Connecting fragmented systems

A vast number of institutions still operate on fragmented legacy architectures. A key question facing many in the industry is what are the realistic paths to connecting these systems to the data environments that agentic AI requires? Here, Desclée believes the most realistic path comes not from replacing existing systems but building a sematic layer above them.

He said, “Core banking migration projects take an average of seven to ten years and cost hundreds of millions. No institution can make its AI strategy contingent on the completion of those projects.”

Desclée suggests here a three-stage approach. Firstly, connect existing systems through standardised APIs to aggregate available data without displacing it. Following this, enrich that data with the information that only a clientadviser engagement can capture, such as goals, intentions and family structures, which no transactional system stores. On the last step, firms must structure everything around a wealth data model that serves as a shared reference for all systems, including future AI models.

“This is a logic of progressive enrichment, not brutal replacement. And it delivers tangible results within the first few months, which is essential for maintaining team buy-in and board confidence,” said Desclée.

The human-AI boundary

The rise of agentic AI in wealth management raises a fundamental question: where should autonomy end and human judgement begin? In a profession built on trust and fiduciary duty, that boundary cannot be purely technical – it must sit where context and responsibility are most acute.

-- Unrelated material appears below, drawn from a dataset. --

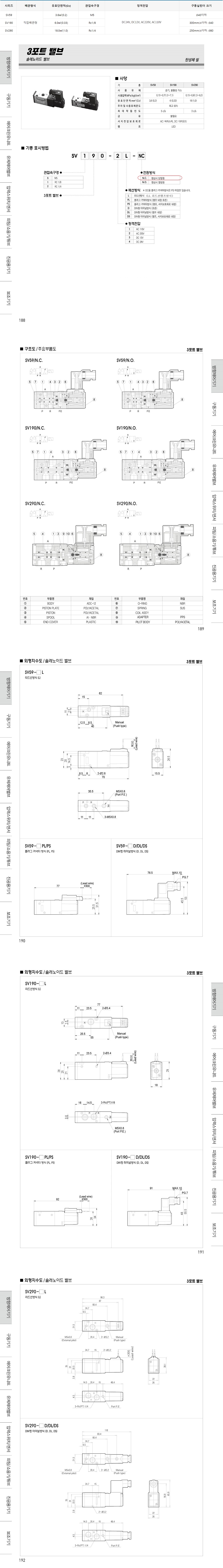 SV59 SV190 SV290 시리즈 상시닫힘 3포트 솔레노이드 밸브 / 파일럿형 N.C

For Guillaume Desclée, the principle is clear. “The boundary must be drawn where judgement is required,” he says – particularly where outcomes depend on context that cannot be fully encoded, or where the consequences of error are irreversible. Succession planning, tax structuring and suitability assessments all fall into this category.

But Desclée cautions against a simple automation divide. “A sound wealth planning decision is not always the fiscally optimal one,” he explains. “It is the one that combines tax optimisation with family optimisation — and the latter is deeply subjective.” A technically perfect solution can still prove humanly damaging — an asset split that reignites conflict, or an ownership structure perceived as unjust.

As he puts it, “What AI cannot encode is a human reading of a family situation — the adviser’s sense of what is left unsaid, their understanding of what a family can genuinely live with together.” It is precisely here that human judgement must prevail and AI must step back.

The same logic applies to accountability. “The framework must evolve towards a logic of auditability rather than mere imputability,” Desclée argues. The real test is not simply who is responsible if AI is wrong, but whether every recommendation can be traced, explained and challenged. “Without full traceability of AI reasoning,” he concludes, “no accountability framework will be credible to regulators or to clients.”

How firms gain competitive advantage

Looking ahead to the near future, will competitive advantage come from better AI models or will it be achieved from the institutions that build the data architectures capable of deploying them safely?

For Desclée, the question is already settled, even if, in his words, many institutions have yet to internalise what it means for their strategy.

He said, “Foundation models are converging rapidly: GPT, Gemini, Claude are reaching comparable levels of performance across most generic tasks. Within two to three years, accessing a powerful model will be as simple and as undifferentiating as accessing an internet connection.”

What will remain scarce and difficult in the opinion of Desclée is the context upon which those models will operate.

He concluded, “Competitive advantage will not come from the model. It will come from the depth and reliability of the context upon which the model operates. The institutions that have understood this are investing today in their wealth data architectures. The others will catch up – but at a considerably higher cost.”